When you’re making the decision to move or spend some time abroad, there’s always something you’re going to forget. The experience will most likely be one of the most memorable times of your life, but how can you make it even better?
Here are four things you can do to make your time abroad even better:
Travel as much as you can
When you look back on your time abroad, the chances are you won’t remember the classes you took, or the work that you did. You’ll remember the places you visited and the memories you made in those places. Traveling across whichever country you end up in is one of the most important things a traveling student can do, and it doesn’t have to cost a lot either. There are a multitude of ways you can knock down the cost of this to ensure you create the best memories possible.
Travel for the language AND the culture
When I moved abroad for the year, I was somewhat conditioned to be believe that the only benefit I might receive was increased language skills. This couldn’t have been more wrong. I learnt so much more about Spanish culture than I ever thought possible, especially around Christmas (for example, the fact that the Three Kings day (7th Jan) seemed so much more important to my host family and other Spaniards than Christmas, and that a roscón (a cake that is only available in Spain at Christmas) is a tradition that would never pass the UK’s food and health and safety standards (they hide small plastic collectable figurines inside the cake that you could very easily swallow (I almost did)).
Fully immerse yourself
A few years ago I would never have the confidence to live abroad, but having done it, and fully engaged with the experience knowing I got the most out of it, it makes looking back on the photos all the more special. For me, this took the role of living with a Spanish host family and studying at a Spanish university. Although it was mentally, and sometimes emotionally, taxing, I came home from my time abroad as a more confident Spanish speaker who was more adaptable to foreign situations.

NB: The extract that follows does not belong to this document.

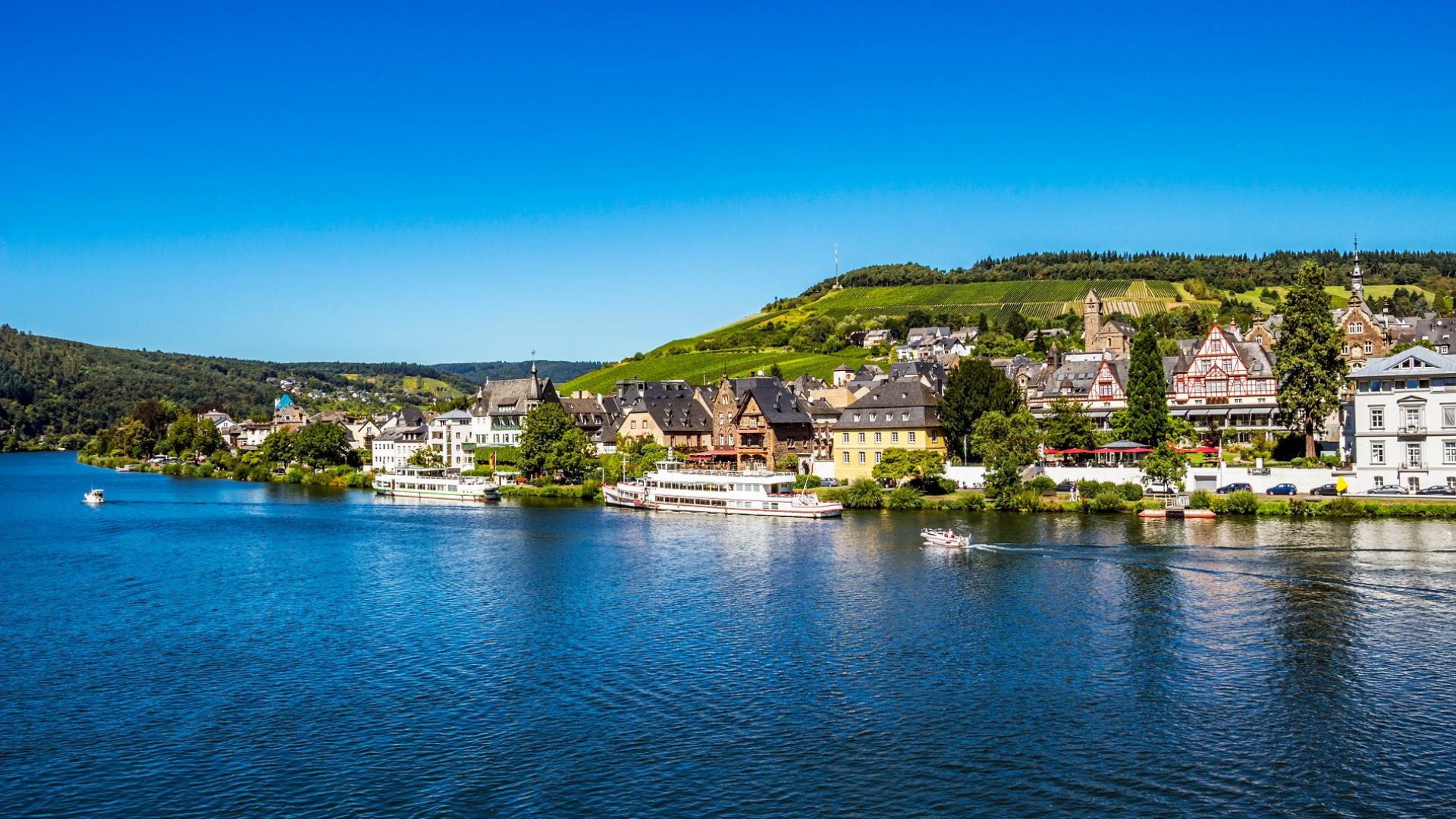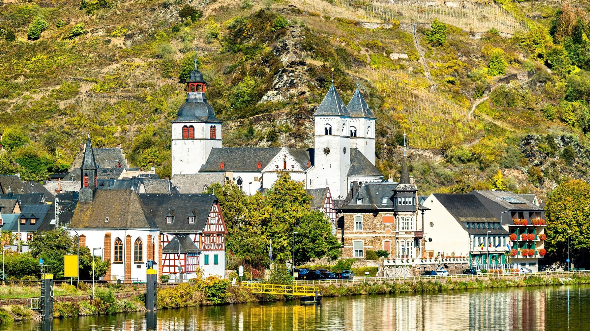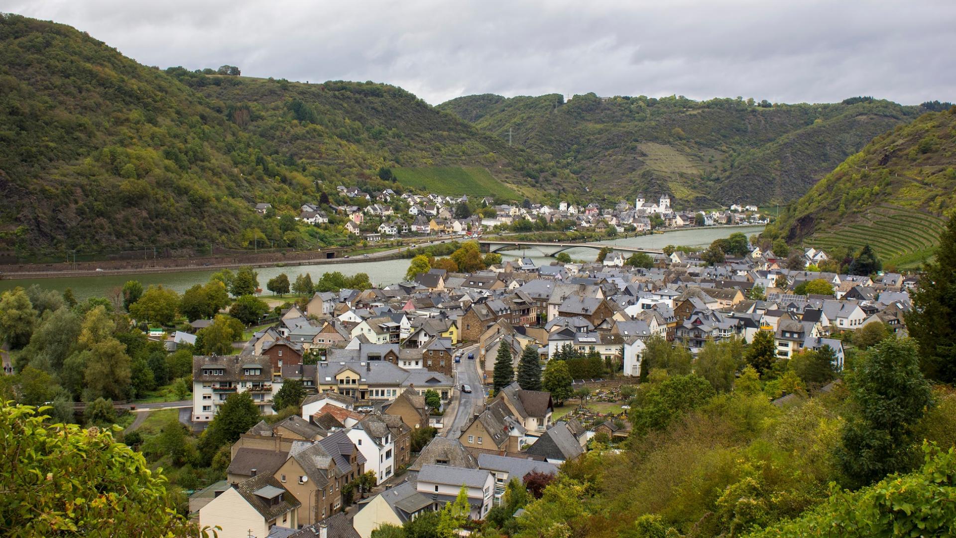 Na het ontbijt fietst u richting het treinstation van Treis-Karden om op de trein (vertrek elk uur) naar Traben-Trarbach te stappen (niet inbegrepen, ca. € 10,- p.p.). Het romantische stadje ligt aan een smalle bocht in de Moezel en is omringd door wijngaarden en bossen. Traben-Trarbach heeft een aantal indrukwekkende bezienswaardigheden. Vooral de Brückenstranke met haar ronde torens is een bezoekje waard. Na een bezoek aan Traben-Trarbach fietst u langs de meanderende Moezel naar het beroemde wijnstadje Zell, idyllisch gelegen aan een van de mooiste en grootste meanders van de Moezel, de Zeller Hamm. Gelegen tussen steile wijngaarden en de Moezel vindt u in Zell talloze fraaie vakwerkhuizen met steile gevels, smalle straatjes en delen van de oude stadsmuur waarvan de 'ronde toren' het meest in het oog springt. Via Bullay en Nehren fietst u terug naar Treis-Karden.

Nobody is perfect, and I certainly wasn’t when I was abroad. The amount of times I made a fool of myself in front of a class full of Spanish students, or had to stand up and do a presentation and immediately forgot every Spanish word I knew. It’s these moments that I wish I could forget sometimes, but these are arguably the moments that were the biggest learning curves. I was pushing myself way out of my comfort zone and that was proof enough of that. Not many people are brave enough to spend a week, a month or a year in a foreign country, but it’s those moments that remind me of how big that step actually was, and I’m proud I did it.